Aku memastikan sekali lagi.

Tujuh?

‘Bukannya cuma dua?’

Aku mengangguk pelan, dan Perpustakaan White Witch pun aktif.

[Pencarian dimulai…]

[Pencarian selesai: Jejak magic terdeteksi.]

[Terdeteksi magic: [Enhance Strength (B) / Guide Aim (B) / Enhance Speed (C)] dan…]

Gila.

Sebanyak ini?

Dari foto, hanya dua artefak yang terlihat.

Tapi langsung berhadapan begini, aku bisa mendeteksi seluruh magic yang mengalir dari artefak-artefak itu.

Itu sudah level magic swordsman, kan?

‘Tapi gimana dia bisa punya sebanyak itu?’

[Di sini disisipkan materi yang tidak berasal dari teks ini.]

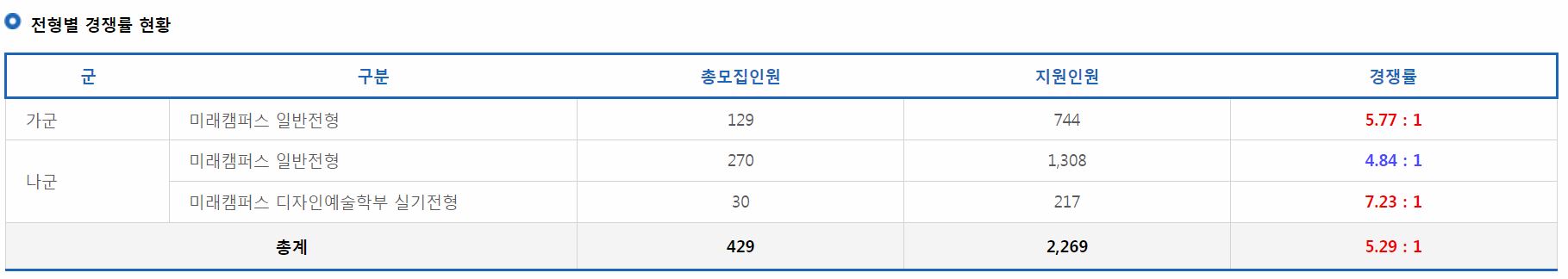 전형별 경쟁률 현황을 살펴보자면, 가군 미래캠퍼스 일반전형의 경쟁률은 5.77:1, 나군 미래캠퍼스 일반전형의 경쟁률은 4.84:1, 미래캠퍼스 디자인예술학부 실기전형의 경쟁률은 7.23:1 이었습니다.

[Itu mungkin dengan magic tingkat lanjut.]

[Namun, target telah memakai terlalu banyak artefak sehingga tubuhnya tersumbat residu mana.]

[Jika mana tubuh dan mana artefak saling mengganggu, tubuh bisa mengalami kerusakan atau keracunan mana.]

…Jadi dia bukan cuma berjalan membawa mesin penguat tubuh, tapi juga bom waktu hidup.

Cepat atau lambat, dia pasti cacat… atau mati.

Mungkin saat ini dia belum merasakan apa-apa karena tubuhnya kuat.

Tapi perlahan… magic itu akan menggerogoti tubuhnya.

‘Ledakannya nggak akan sampai mengenai orang lain, kan?’

[Benar.]

[Ingin mencoba cracking?]

Setelah berpikir sesaat, aku menggeleng.

Artefak itu bagian dari kemampuannya.

Tak ada alasan bagiku ikut campur sekarang.

Lagipula, perlengkapan adalah hal yang paling menguntungkanku dan sejauh ini belum ada milikku yang rusak.

‘Biarkan saja. Selama tidak perlu…’

“Nyonya Costantini.”

Saat aku hendak memberi perintah baru pada Perpustakaan, aku menoleh.

Aren sudah berdiri di depan Celeste dengan senyum ramah palsu.

“Sebagai senior hunter dan master swordsman, bagaimana kalau kita spar?”

Aku kehilangan kata-kata.

Serius?

Mau ngapain melawan anak kecil?

Celeste tampak gelisah, dia tahu ini bukan sparing biasa, tapi duel sesungguhnya yang dibungkus sopan santun.

Dan pada akhirnya, hal ini memang tak bisa dihindari.

“…mulai Cracking.”

Kalau ada orang yang sengaja mencoba nyenggol aku, maka aku tak punya alasan untuk diam saja.

Aku bukan tipe yang duduk manis sambil dipukul.